((
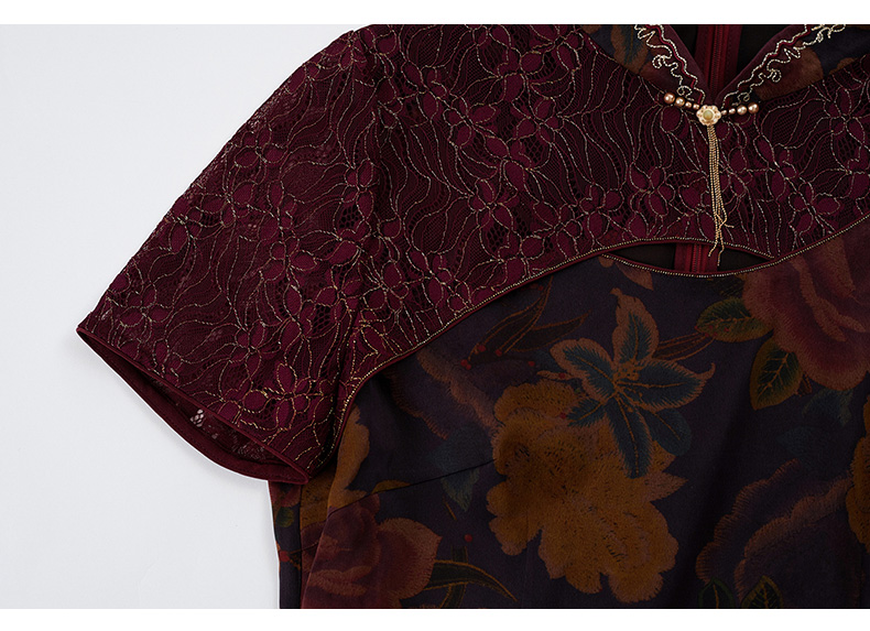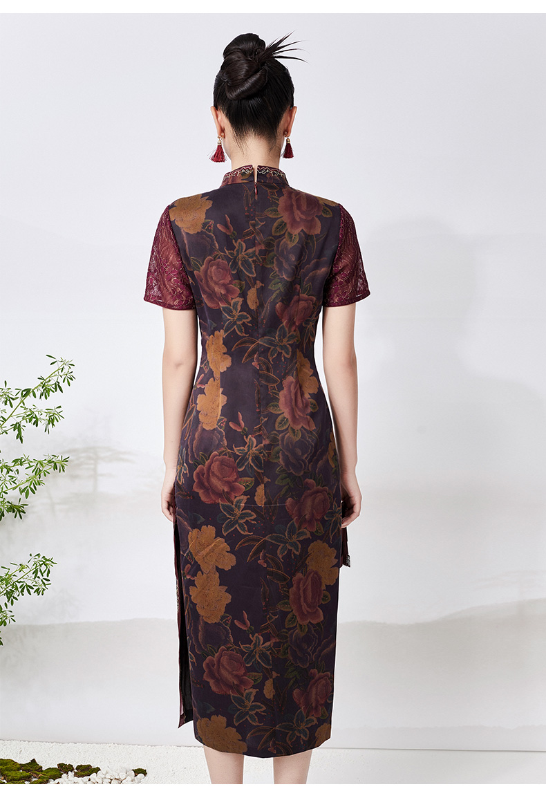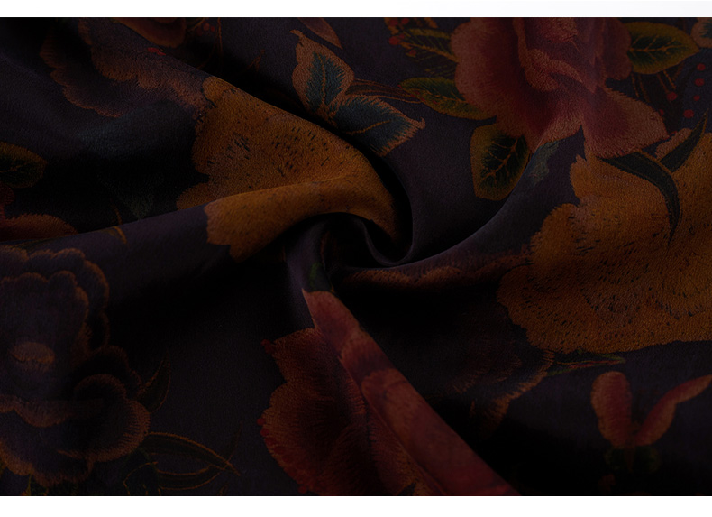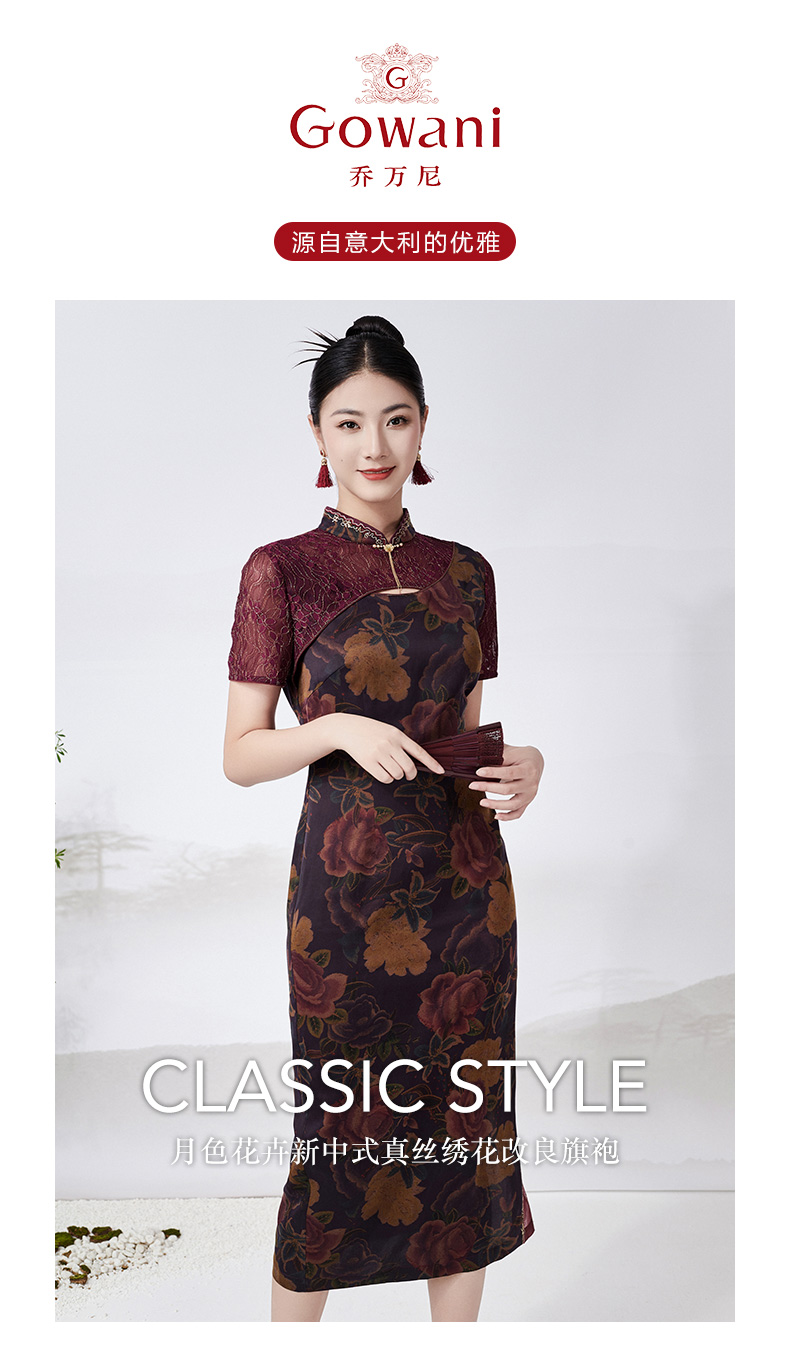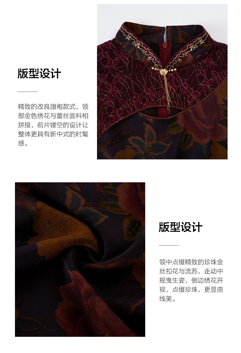 【月色花卉】【香云纱】乔万尼新中式旗袍复古16mm真丝连衣裙收腰显瘦ET2E295
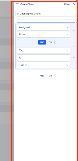 Apply the necessary filters and assign a name to your view. Once created, the view appears in the Inbox panel and displays all conversations that match the selected filters.
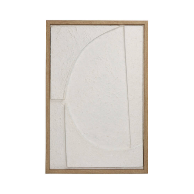 A 40x60 cm-es, papírból készült Natural fali dekoráció, egy minimalista műalkotás, mely törtfehér színével, és minimalista, geometrikus mintázatával könnyedén illeszkedik otthoni, irodai, és közösségi terekbe is. Vékony, natúr fa kerete kiemeli a térben, ugyanakkor hozzájárul a természetes megjelenéshez.
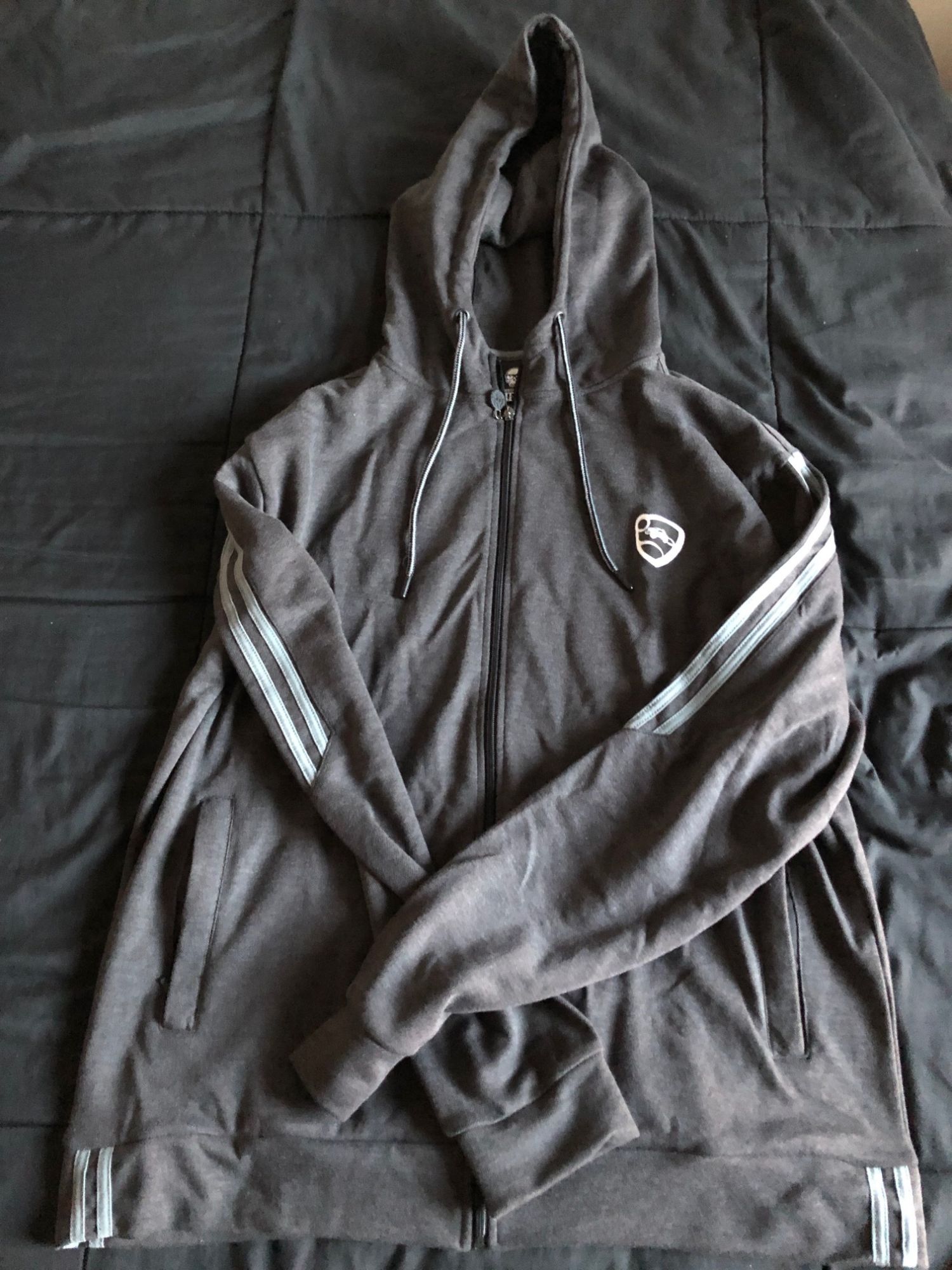 Finally, one of the best items we've gotten in a while for clothing is this official Rocket League Futsal zip-up hoodie. This is basically a workout hoodie that gets some of the design choices from Europe fashion, while still keeping the look and feel of a track jacket. Like having a pair of racing stripes go up the biceps. You get two front pockets that zip up, a front zipper in the shape of a Rocket League ball, and an emblem on the front left chest. This hoodie makes you look liek you're training on an official Rocket League team! And yeah, they don't exist. But who cares? This looks awesome!
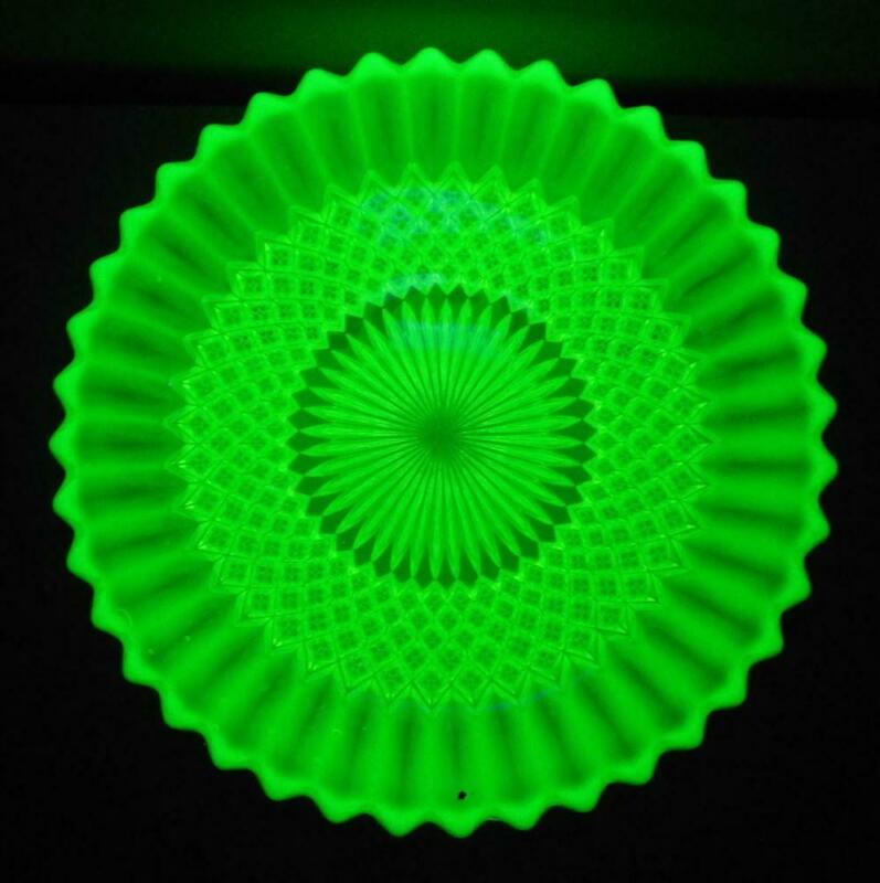 Excellent Citrine Pressed Uranium Glass Plate or Low Bowl 1900s
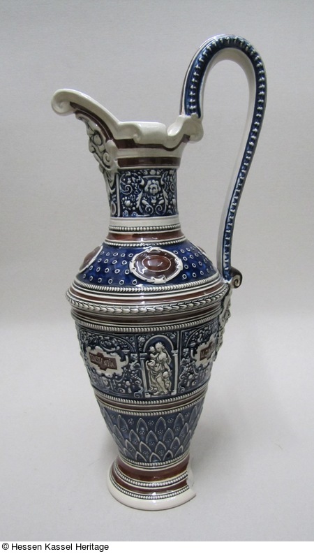 Helmkanne aus elfenbeinfarbenem Feinsteinzeug mit Reliefdekor (Tugenden) im Stil der Neurenaissance
))
-- Task brief --
Restate word for word, and only, the lines from the line that contains "Excellent Citrine Pressed" through the end of the data, both included; pictures are not part of the copy.

-- Task result --
 Excellent Citrine Pressed Uranium Glass Plate or Low Bowl 1900s
 Helmkanne aus elfenbeinfarbenem Feinsteinzeug mit Reliefdekor (Tugenden) im Stil der Neurenaissance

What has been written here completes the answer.